DATA SHOWN:
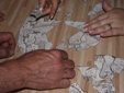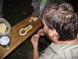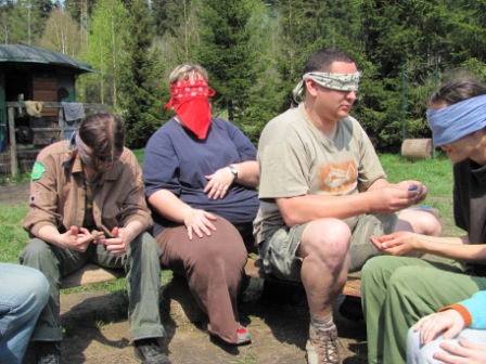 Poté jsme slepí po hmatu hráli kimovku. Se zavázanýma očima jsme si podávali různé předměty a snažili jsme se zapamatovat, co nám prošlo rukama. Nejtěžší bylo vůbec poznat, o jakou věc se jedná. Prstový maňásek, had, disketa či ořezávátko byly těžkým oříškem. Poté, již bez zavázaných očí, jsme tyto předměty zapsali.
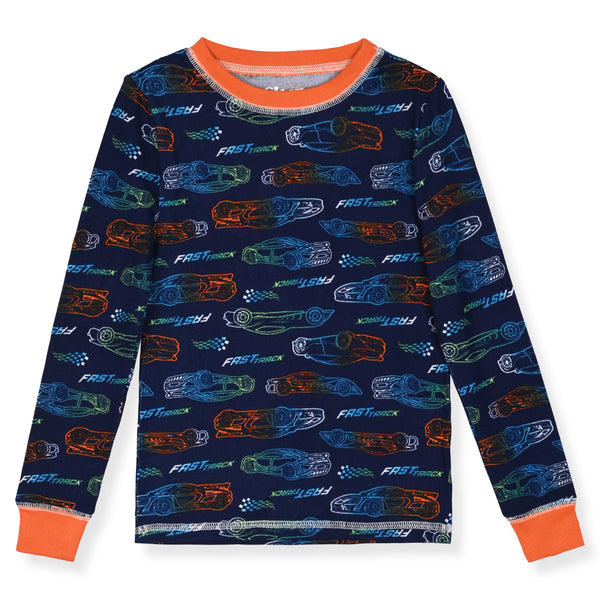 Sleep On It Boys 2-Piece Super Soft Jersey Long Sleeve Snug-Fit Pajama Set - Race Cars
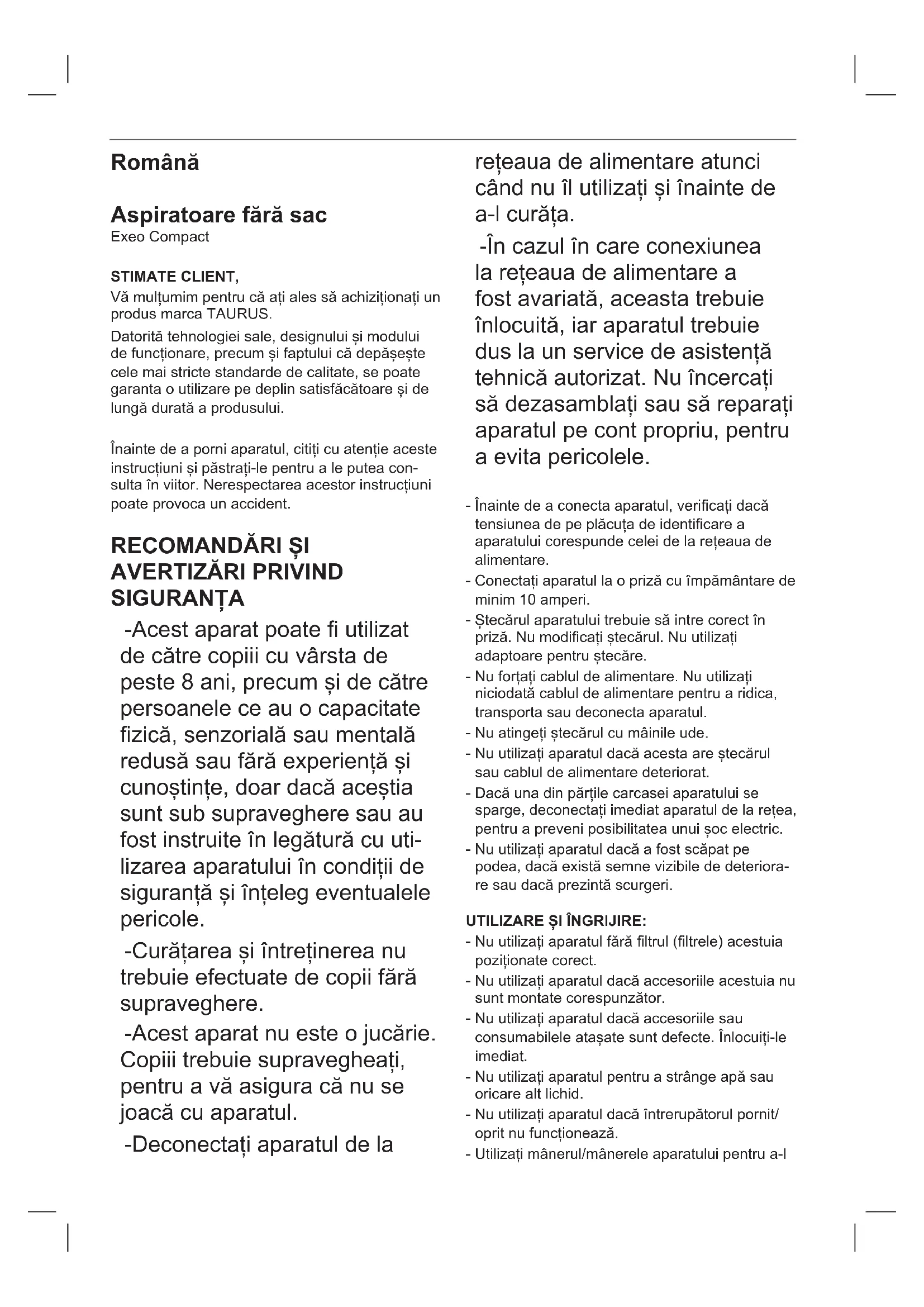 Exeo Compact - Aspirator TAURUS - Manual de utilizare gratuit

INSTRUCTIONS TO FOLLOW: Only an exact copy of the lines from the one with "Sleep On It" through the last line of the data above is wanted, and no pictures.

EXERCISE RESPONSE:
 Sleep On It Boys 2-Piece Super Soft Jersey Long Sleeve Snug-Fit Pajama Set - Race Cars
 Exeo Compact - Aspirator TAURUS - Manual de utilizare gratuit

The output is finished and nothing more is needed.